Upon manual restart of the VMS (via vcenter) Pod Rollout became stuck in the ContainerCreating status.

Possibility 1: kubectl describe <pod_name> 

Error will look like this:

Warning  FailedCreatePodSandBox  1m (x12 over 1m)  kubelet, ########-########-##########-########  Failed create pod sandbox: rpc error: code = Unknown desc = NetworkPlugin cni failed to set up pod "nginx-c58f88dd6-hqszg_default" network: "cni0" already has an IP address different from 10.200.##.#/24

Possibility 2: When I run ifconfig on a worker node I can see that flannel and cni are on different subnets ​

worker/xxxx:/var/lib/cni/networks# ifconfig
cni0      Link encap:Ethernet  HWaddr 4e:d5:14:c4:c8:f3
          inet addr:10.200.##.#  Bcast:10.200.##.###  Mask:255.255.255.0

flannel.1 Link encap:Ethernet  HWaddr 2e:e3:38:5b:d5:69
          inet addr:10.200.##.#  Bcast:0.0.0.0  Mask:255.255.255.255

 

 

Environment


Cause

Flannel assigns a subnet lease to the workers in the cluster, which expires after 24 hours (this is not configurable in flannel).
Upon restart of the VMS the flannel.1 and cni0 /24 subnet no longer match, which causes this issue.

Resolution

Currently this issue is not fixed in TKGI 1.9.  This is fixed in TKGI 1.9.3.
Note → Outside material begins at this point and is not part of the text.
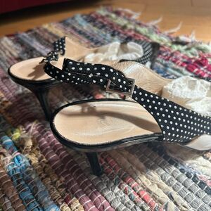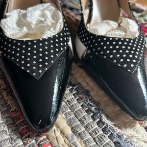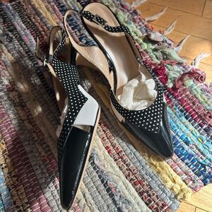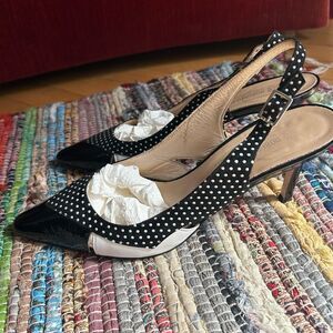 Step out in style with these elegant black and white polka dot slingback heels. Perfect for adding a touch of sophistication to any outfit. 9B. One scratch on right shoe see pics. Heel 3.5"

Here are the workaround steps:

Resolution 1:

  1. bosh ssh -d <deployment_name> worker -c "sudo /var/vcap/bosh/bin/monit stop flanneld"
  2. bosh ssh -d <deployment_name> worker -c "sudo rm /var/vcap/store/docker/docker/network/files/local-kv.db"
  3. bosh ssh -d <deployment_name> worker -c "sudo /var/vcap/bosh/bin/monit restart all"


Resolution 2:

Note: Only to be used if resolution 1 does not work.

  1. bosh ssh -d <deployment_name> worker -c "sudo /var/vcap/bosh/bin/monit stop flanneld"
  2. bosh ssh -d <> worker -c "ifconfig | grep -A 1 flannel"
  3. On a master node get access to etcd using the following KB 
  4. On a master node run `etcdctlv2 ls /coreos.com/network/subnets/`
  5. Remove all the worker subnet leases from etcd by running `etcdctlv2 rm /coreos.com/network/subnets/<worker_subnet>` for each of the worker subnets from point 2 above.
  6. bosh ssh -d <deployment_name> worker -c "sudo /var/vcap/bosh/bin/monit restart flanneld"